TRY IT
Pictures do not belong in the copy. Write out exactly the lines from the one containing "The kitchen is" through the end of the data.
- Opening Delimiter -
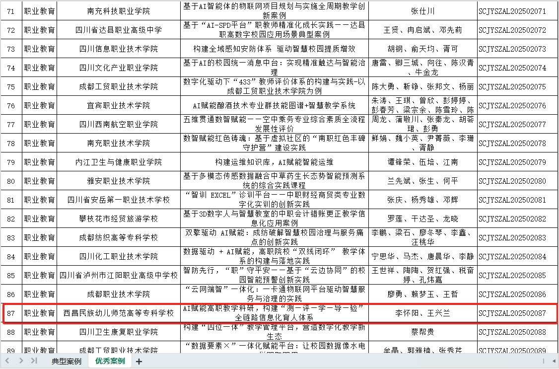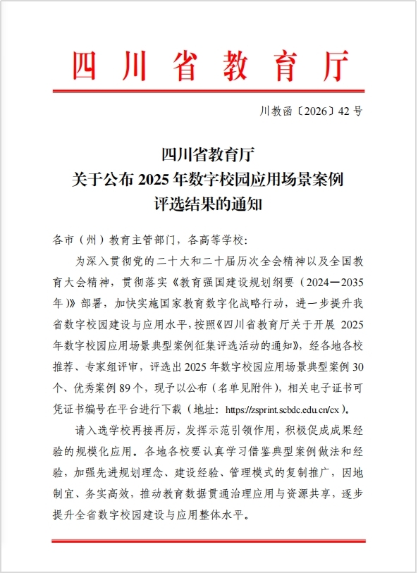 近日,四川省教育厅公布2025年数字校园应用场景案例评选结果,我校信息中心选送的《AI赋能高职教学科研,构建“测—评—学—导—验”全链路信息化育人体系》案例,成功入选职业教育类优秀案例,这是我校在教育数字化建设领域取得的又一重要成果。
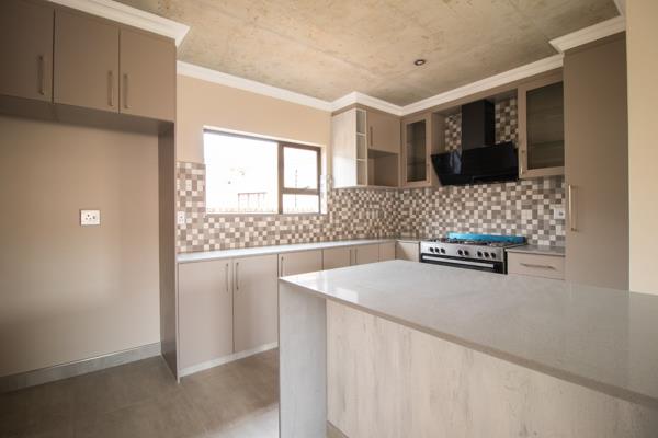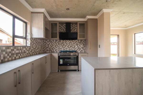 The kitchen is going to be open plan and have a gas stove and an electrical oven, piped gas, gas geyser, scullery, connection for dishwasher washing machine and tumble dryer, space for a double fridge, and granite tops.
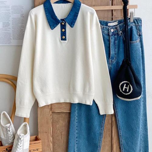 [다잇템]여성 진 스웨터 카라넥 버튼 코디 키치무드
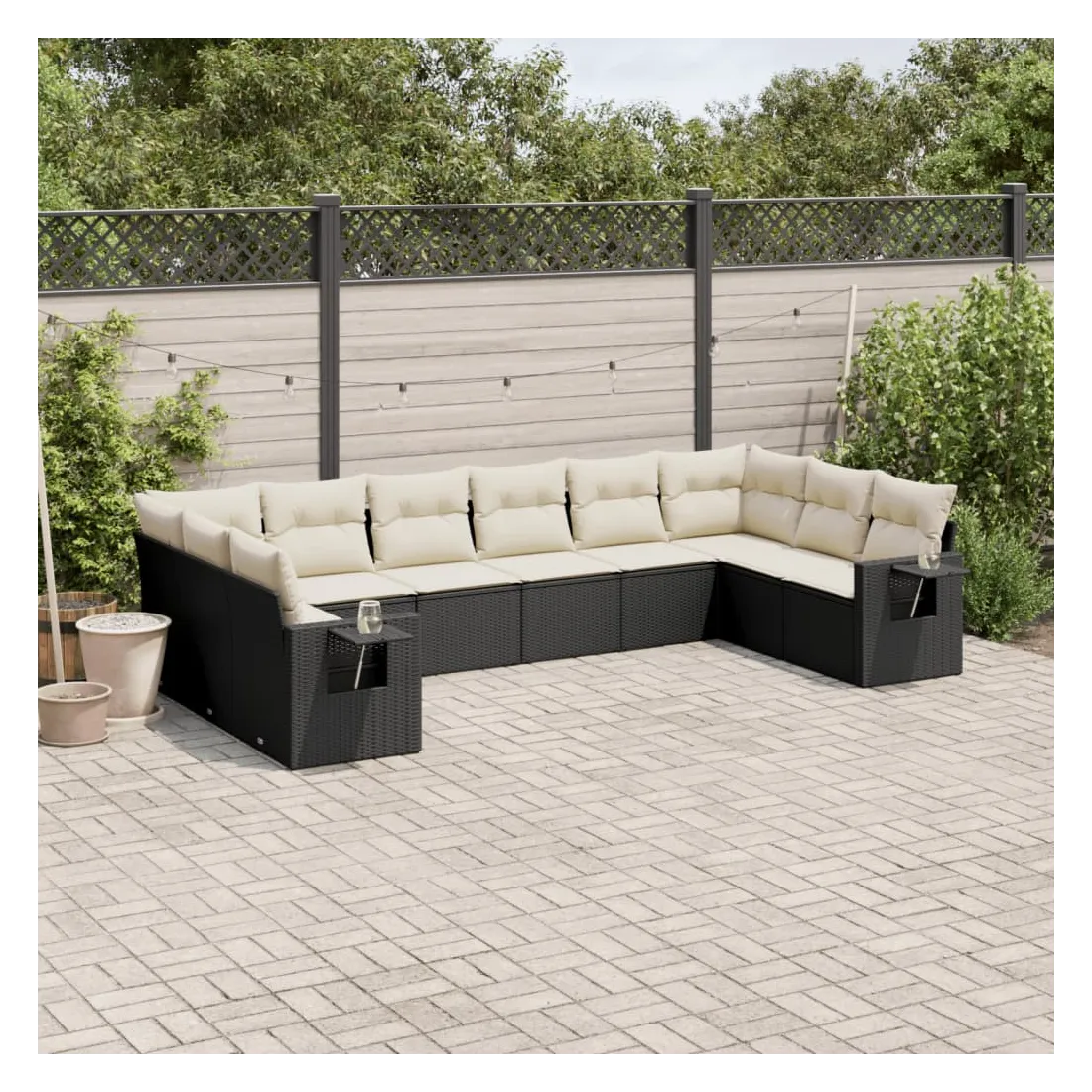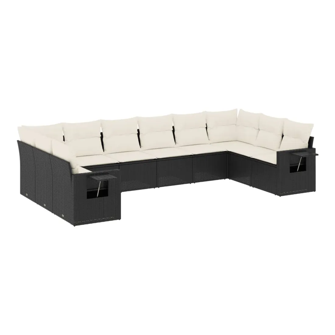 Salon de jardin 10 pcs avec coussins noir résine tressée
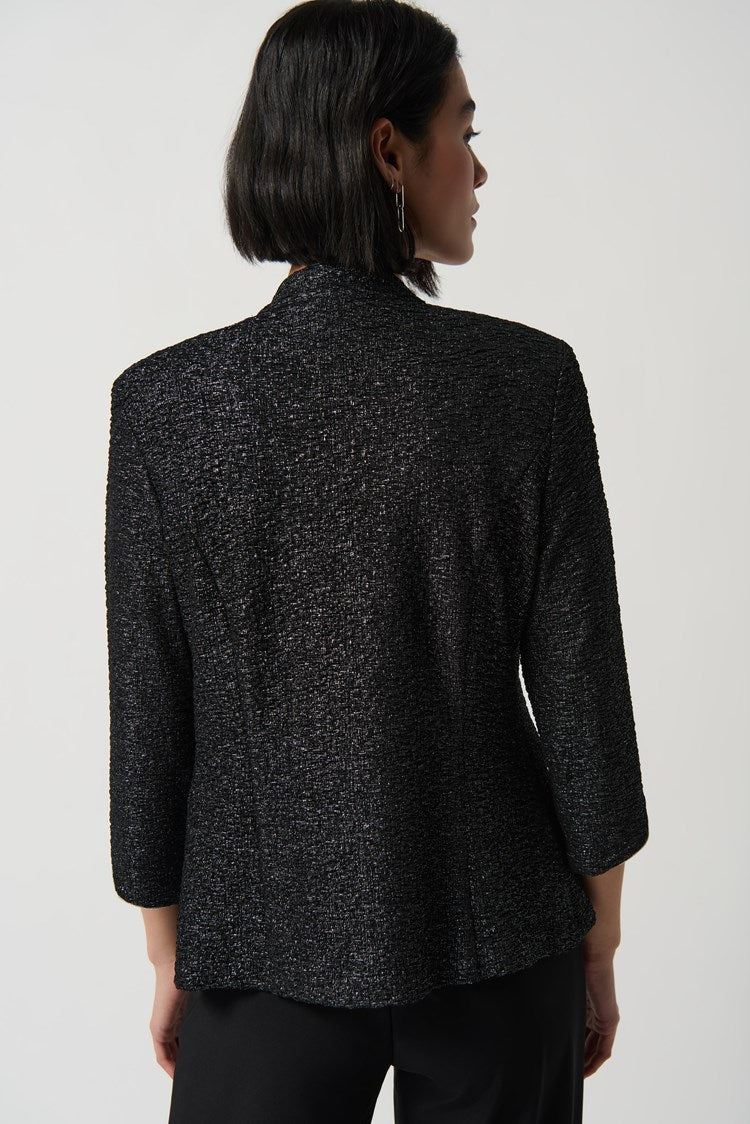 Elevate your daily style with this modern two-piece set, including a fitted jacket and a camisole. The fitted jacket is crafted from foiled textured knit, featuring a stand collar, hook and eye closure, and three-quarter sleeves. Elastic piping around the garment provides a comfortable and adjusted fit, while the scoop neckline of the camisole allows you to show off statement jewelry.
- Closing Delimiter -
TASK RESPONSE
 The kitchen is going to be open plan and have a gas stove and an electrical oven, piped gas, gas geyser, scullery, connection for dishwasher washing machine and tumble dryer, space for a double fridge, and granite tops.
 [다잇템]여성 진 스웨터 카라넥 버튼 코디 키치무드
 Salon de jardin 10 pcs avec coussins noir résine tressée
 Elevate your daily style with this modern two-piece set, including a fitted jacket and a camisole. The fitted jacket is crafted from foiled textured knit, featuring a stand collar, hook and eye closure, and three-quarter sleeves. Elastic piping around the garment provides a comfortable and adjusted fit, while the scoop neckline of the camisole allows you to show off statement jewelry.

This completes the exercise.